Travail de mémoire historique : polémique en Lituanie
Un débat a actuellement cours en Lituanie : faut-il dévisser une place à la mémoire de Jonas Noreika, honoré au titre de résistant au régime soviétique ? Noreika ayant ordonné la création de ghettos et la confiscation de biens juifs en tant que responsable de district sous l'occupation nazie, les commentateurs jugent déplacés les honneurs qui lui sont faits.
Ni héro ni monstre
Noreika n'a certainement pas mérité la révérence due aux héros, argumente Paulius Gritėnas sur le portail Delfi.lt :
«En prenant la décision de signer ces papiers, Noreika a endossé une responsabilité historique. Je suppose qu'en son for intérieur, il a pris la mesure du tragique de la situation. Et pourtant, sa participation aux actions de la puissance d'occupation menées contre nos concitoyens de confession juive nous interdit de voir en lui un héros, fut-ce un héros tragique. Ni héros ni monstre, Noreika a essayé de louvoyer au travers des évènements compliqués de l'histoire.»

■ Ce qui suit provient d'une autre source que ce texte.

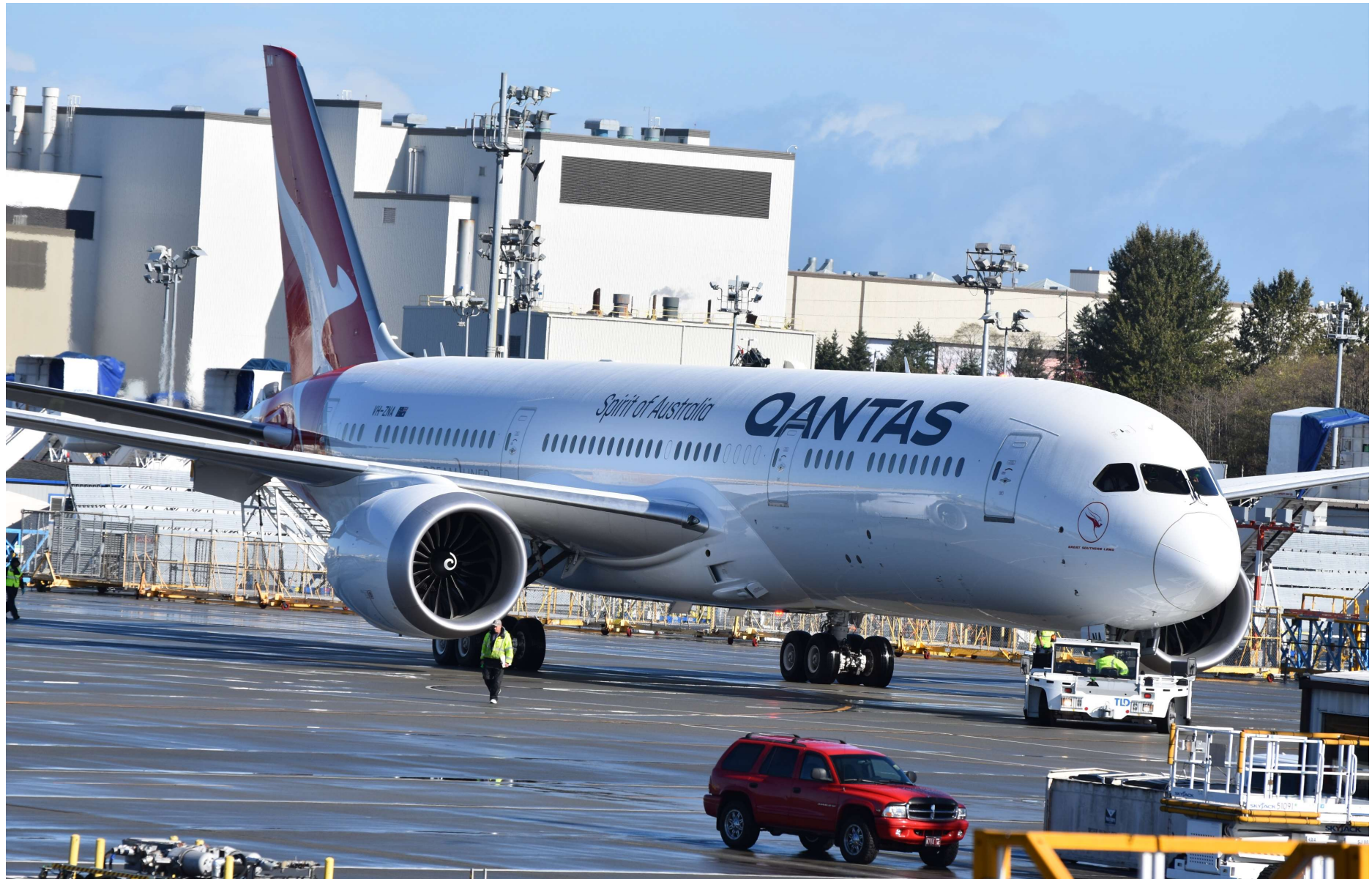
17-Oct-17 – Towing to Paine Field Airport

Suiviste, complice et criminel
Sur le portail 15min, l'historien Alvydas Nikžentaitis analyse les critères d'évaluation de la culpabilité sous l'occupation nazie, qui ne sont pas les mêmes selon lui en Europe de l'Ouest et en Lituanie :
«Il semblerait que l'acception de la responsabilité dans l'Holocauste en soit actuellement en Lituanie au stade où le monde occidental la définissait dans les années 1970. La perception de l'Holocauste en Lituanie est problématique en ceci qu'elle ne considère comme ayant tué des juifs que ceux qui ont directement participé au meurtre de personnes. Dans le monde occidental en revanche, sont considérés comme coupables de l'Holocauste tous ceux qui ont contribué de près ou de loin à la mise en place des conditions qui ont rendu possible le massacre. En raison des divergences d'interprétation ayant cours dans le pays, l'action de Jonas Noreika n'est pas considérée comme un crime contre l'humanité en Lituanie.»